Print word for word the first line of the listing below and every line after it, through the line with "way out | |". Leave out the pictures and the rest.

> **Input records**

##########

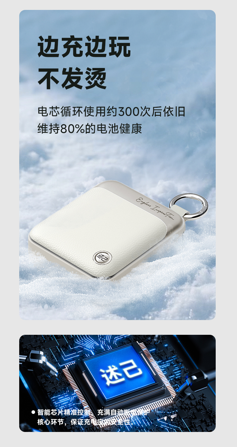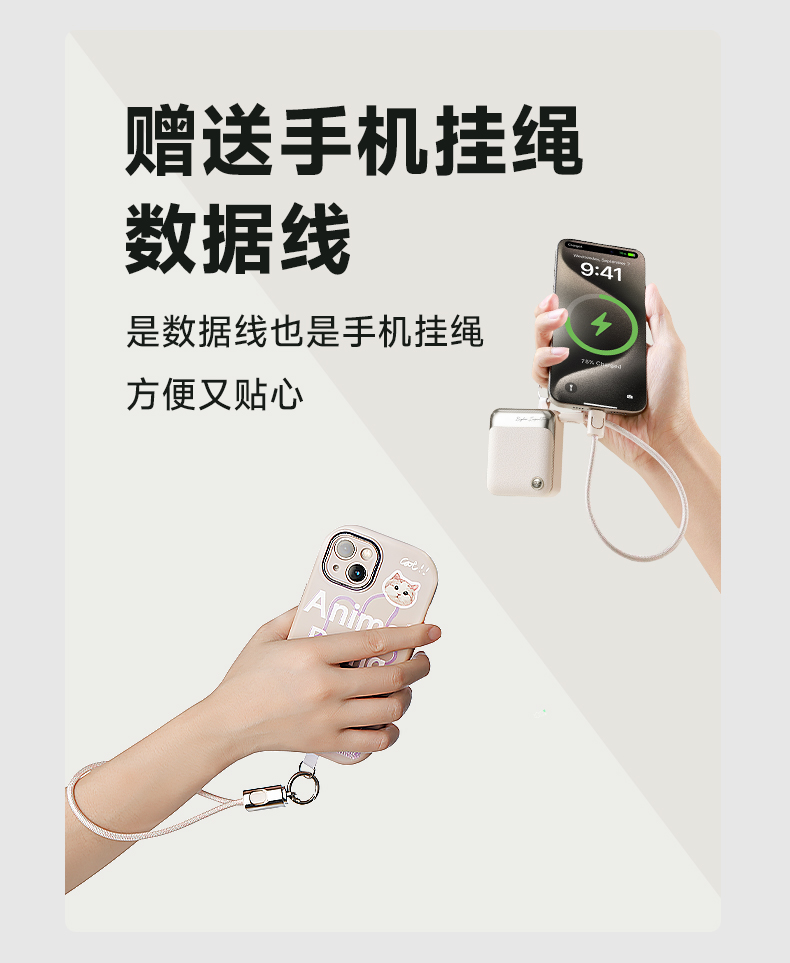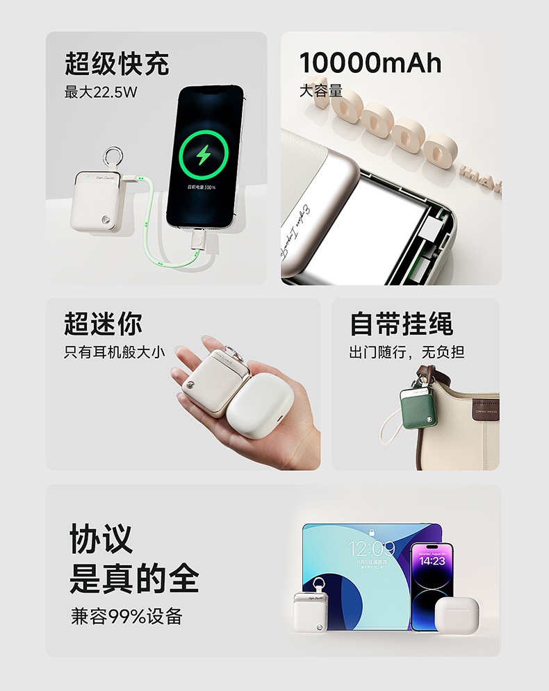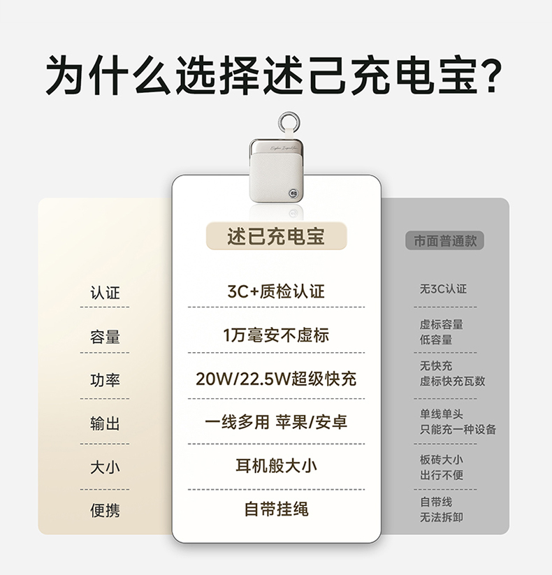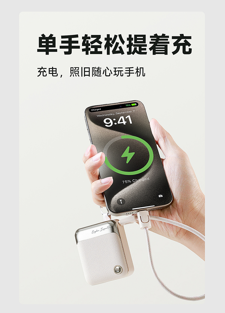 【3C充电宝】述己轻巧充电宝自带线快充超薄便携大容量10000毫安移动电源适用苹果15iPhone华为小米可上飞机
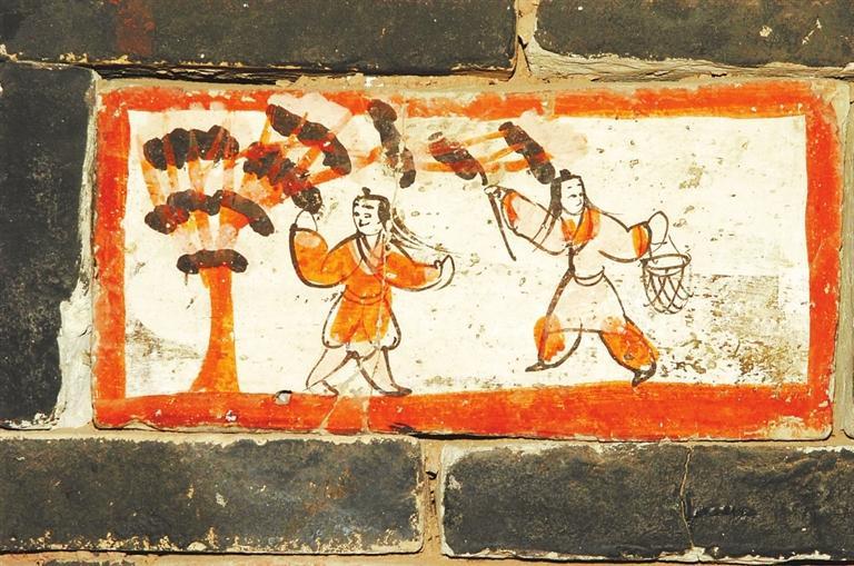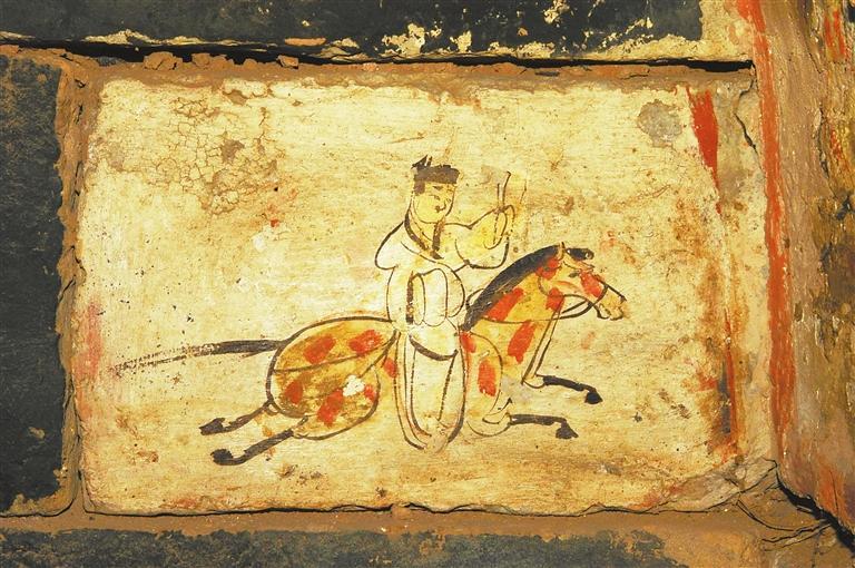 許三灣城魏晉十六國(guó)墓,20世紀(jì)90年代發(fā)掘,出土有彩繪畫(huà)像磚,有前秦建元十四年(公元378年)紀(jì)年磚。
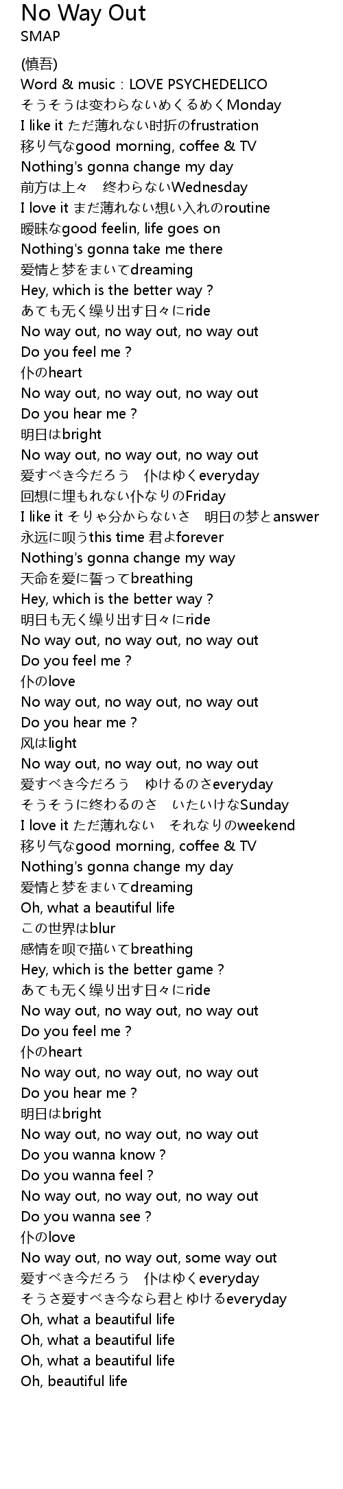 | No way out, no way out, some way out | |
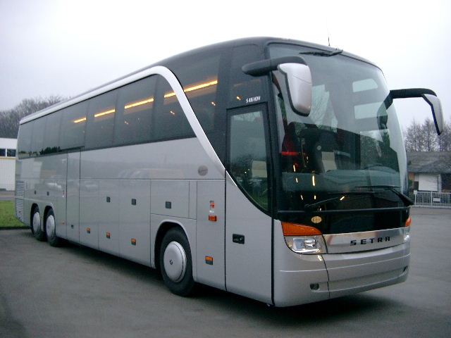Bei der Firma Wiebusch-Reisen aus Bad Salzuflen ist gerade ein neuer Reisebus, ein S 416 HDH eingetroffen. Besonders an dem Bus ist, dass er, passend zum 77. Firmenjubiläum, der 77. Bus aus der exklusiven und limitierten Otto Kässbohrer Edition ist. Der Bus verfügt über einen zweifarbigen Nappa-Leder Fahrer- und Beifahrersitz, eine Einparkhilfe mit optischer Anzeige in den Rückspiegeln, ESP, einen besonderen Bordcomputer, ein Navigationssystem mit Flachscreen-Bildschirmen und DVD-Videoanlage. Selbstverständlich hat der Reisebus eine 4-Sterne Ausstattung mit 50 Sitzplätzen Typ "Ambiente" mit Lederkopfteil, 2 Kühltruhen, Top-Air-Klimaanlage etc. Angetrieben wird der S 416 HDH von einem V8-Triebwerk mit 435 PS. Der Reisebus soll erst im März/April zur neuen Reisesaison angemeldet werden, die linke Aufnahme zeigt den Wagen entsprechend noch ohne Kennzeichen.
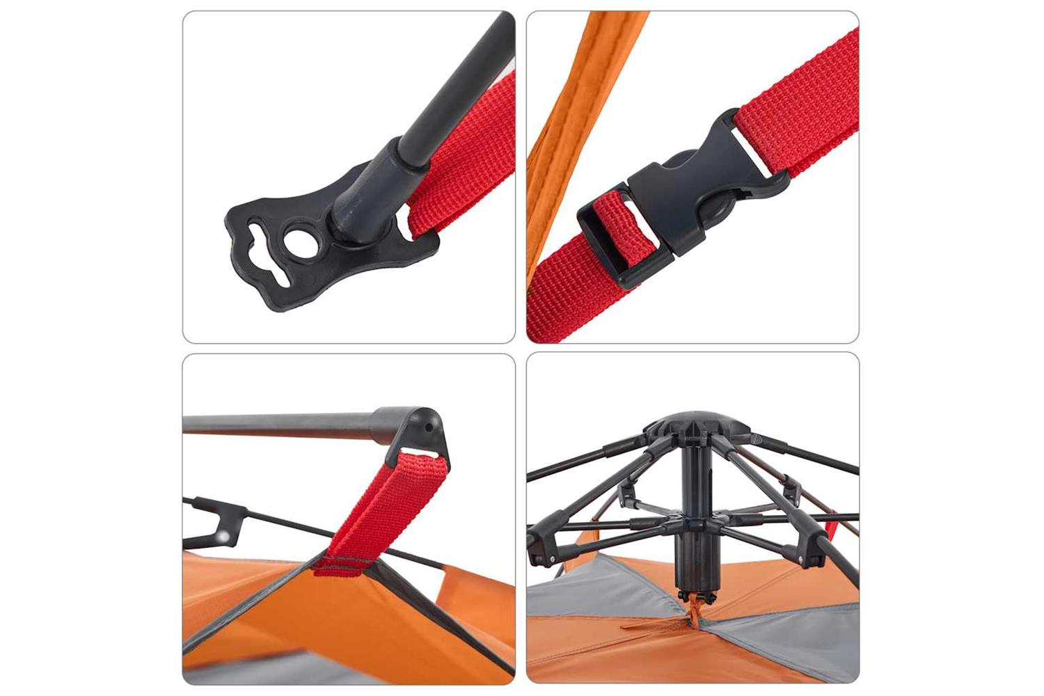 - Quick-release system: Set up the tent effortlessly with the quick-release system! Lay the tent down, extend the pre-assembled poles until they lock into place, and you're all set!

##########

> **Exercise result**
 【3C充电宝】述己轻巧充电宝自带线快充超薄便携大容量10000毫安移动电源适用苹果15iPhone华为小米可上飞机
 許三灣城魏晉十六國(guó)墓,20世紀(jì)90年代發(fā)掘,出土有彩繪畫(huà)像磚,有前秦建元十四年(公元378年)紀(jì)年磚。
 | No way out, no way out, some way out | |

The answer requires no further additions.